**Problem statement**
Transcribe the data as written, minus images.

**Input data**

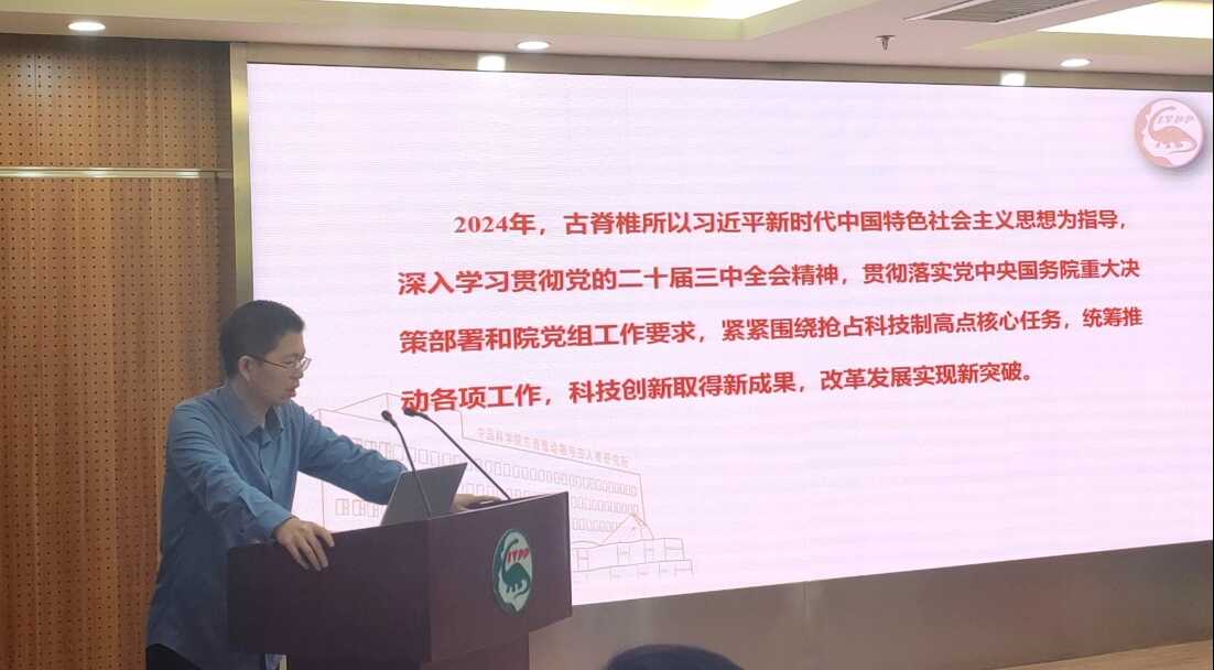 会议总结了2024年研究所各项工作取得的成绩。党委书记、副所长刘俊代表所领导班子作研究所2024年度工作报告。2024年,古脊椎所坚持以习近平新时代中国特色社会主义思想为指导,学习贯彻习近平总书记对中国科学院重要指示批示精神,按照院党组统一部署,持续加强党对科技创新事业的全面领导,围绕抢占科技制高点,组织实施重大科技任务,产出突破性创新成果,持续加强人才队伍建设、平台与条件保障能力建设,上下同心,真抓实干,研究所各项工作均取得重要进展。
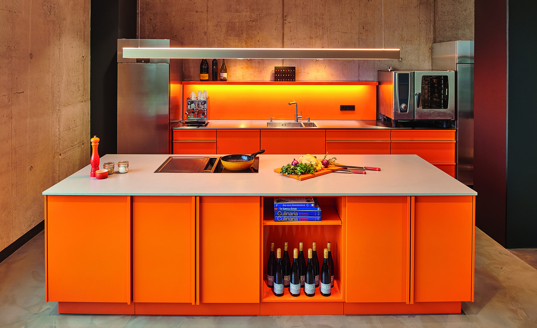 Mut zur Farbe in der Küche – bei Popstahl ist das kein Problem. Der Korpus und die Fronten werden aus gefaltetem Stahlblech hergestellt. Eine spezielle Füllung der Fronten sorgt dabei für einen satten, warmen Klang, eine angenehme Haptik und garantiert, dass sich das Metall auch nach langjähriger Nutzung nicht verformt. Im Pulverbeschichtungsverfahren wird das Farbpulver ohne Zusatz von Lösungsmitteln auf das Metall aufgesprüht. Bei der anschließenden Erhitzung des Werkstückes auf etwa 200 Grad Celsius verläuft das Farbpulver und verbindet sich mit dem Metall zu einer dauerhaften Oberflächenbeschichtung. Zwischen über 200 Farben kann für Front und Sockel gewählt werden: Neu im Sortiment sind Kiwigrün, Quittengelb und Lorbeerblau. Da jede Küche nach individuellen Wünschen und Ansprüchen geplant und gefertigt wird, sind zudem die Optionen ein- oder mehrfarbig sowie Edelstahl-, Holz-, Beton- oder Naturstein-Arbeitsplatte, großzügige Kochinsel oder mobile Kompaktküche gegeben.
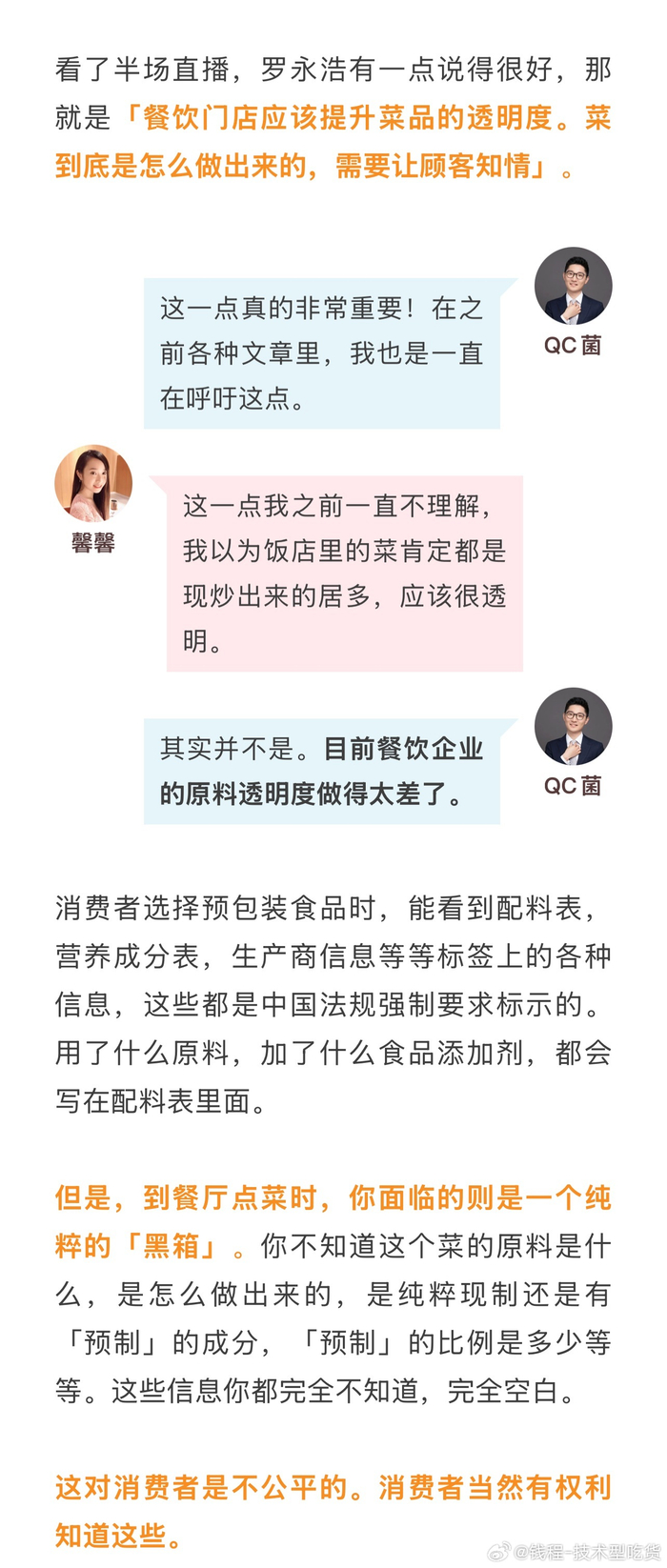 餐饮门店应该提升菜品的透明度。菜到底是怎么做出来的,需要让顾客知情。

**Exercise result**
 会议总结了2024年研究所各项工作取得的成绩。党委书记、副所长刘俊代表所领导班子作研究所2024年度工作报告。2024年,古脊椎所坚持以习近平新时代中国特色社会主义思想为指导,学习贯彻习近平总书记对中国科学院重要指示批示精神,按照院党组统一部署,持续加强党对科技创新事业的全面领导,围绕抢占科技制高点,组织实施重大科技任务,产出突破性创新成果,持续加强人才队伍建设、平台与条件保障能力建设,上下同心,真抓实干,研究所各项工作均取得重要进展。
 Mut zur Farbe in der Küche – bei Popstahl ist das kein Problem. Der Korpus und die Fronten werden aus gefaltetem Stahlblech hergestellt. Eine spezielle Füllung der Fronten sorgt dabei für einen satten, warmen Klang, eine angenehme Haptik und garantiert, dass sich das Metall auch nach langjähriger Nutzung nicht verformt. Im Pulverbeschichtungsverfahren wird das Farbpulver ohne Zusatz von Lösungsmitteln auf das Metall aufgesprüht. Bei der anschließenden Erhitzung des Werkstückes auf etwa 200 Grad Celsius verläuft das Farbpulver und verbindet sich mit dem Metall zu einer dauerhaften Oberflächenbeschichtung. Zwischen über 200 Farben kann für Front und Sockel gewählt werden: Neu im Sortiment sind Kiwigrün, Quittengelb und Lorbeerblau. Da jede Küche nach individuellen Wünschen und Ansprüchen geplant und gefertigt wird, sind zudem die Optionen ein- oder mehrfarbig sowie Edelstahl-, Holz-, Beton- oder Naturstein-Arbeitsplatte, großzügige Kochinsel oder mobile Kompaktküche gegeben.
 餐饮门店应该提升菜品的透明度。菜到底是怎么做出来的,需要让顾客知情。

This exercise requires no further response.